I don’t know, but it’s something I’m exploring.

This question was rooted in a conversation I was having a few weeks back with Lars Rood and the parents of seniors who will be heading off to college next year. What we have noticed is that some college students fail to effectively transition into college, and that one possible considerations is that social media use has hindered them from effectively being present, setting down roots in their physical community. Instead, social media tools like Facebook keep them engaged with high school friends in different states in different schools. And that’s a really good thing of course. I wish I had Facebook when I was in college. So though I don’t want to draw a conclusion that failure to transition is a direct causal of social media use (it’s not), I think it does affect our relational and social interactions.

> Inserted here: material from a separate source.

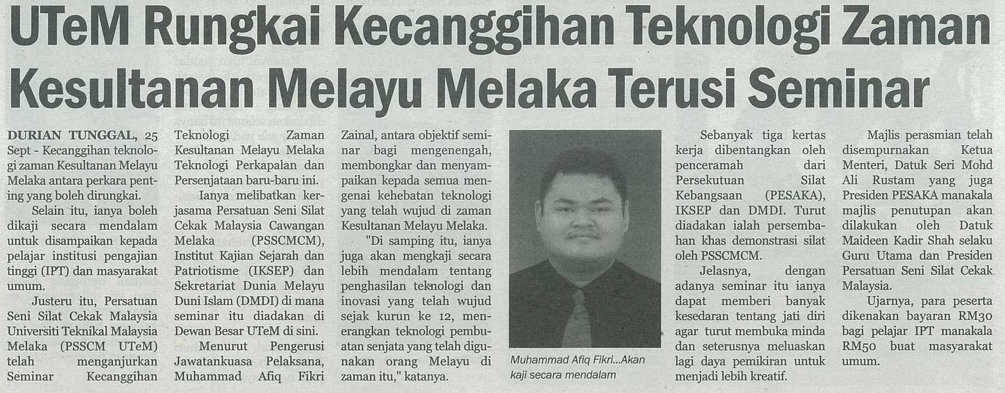 UTeM Rungkai Kecanggihan Teknologi Zaman Kesultanan Melayu Melaka Terusi Seminar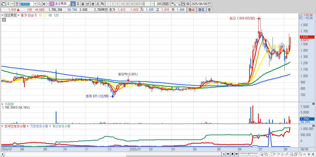- 네오펙트 (1,610원 ▲ 8.64% , 시총: 779억, 거래량: 1,786,394, 거래대금:28억)

So sometimes, instead of investing in the person in the dorm room next door, they are more concerned with what their friend from high school is doing on Facebook.

Can social media use keep us tied to, or concerned about other things, that instead of not only helping us build relationships with those not physically near us…..it can also have the unintended affect of not allowing us to fully invest in the next stages of our lives? Stages that involve the participation and support of the community around us.

This question I have is not limited to the high school to college transition either. It could be singlehood to marriage? It’s possible to get married, but with Facebook keep up with all the happenings of our single friends, and very subtly, and subconsciously we can be holding onto that previous stage of our life, not fully embracing the present one. There are other transitions as well, but these two come to mind the quickest.

Transition in its very essence involves a process of transformation, and often transformation requires a leaving of something, and a cleaving onto something else.

Can I properly leave something and transition into something new, if I’m still cleaving to the old?

And social media not only allows great things, and fosters friendships with those we can’t be near, but I wonder if it keeps us cleaving to things, hindering us from fully living in our physical surroundings.

I’m seeking some some clarity…

Remember, I think social media is awesome, but I’m thinking about it’s very nuanced and subtle unintended outcomes it can have on our relational, social interactions.

Thoughts?

Examples of where you agree or disagree with me?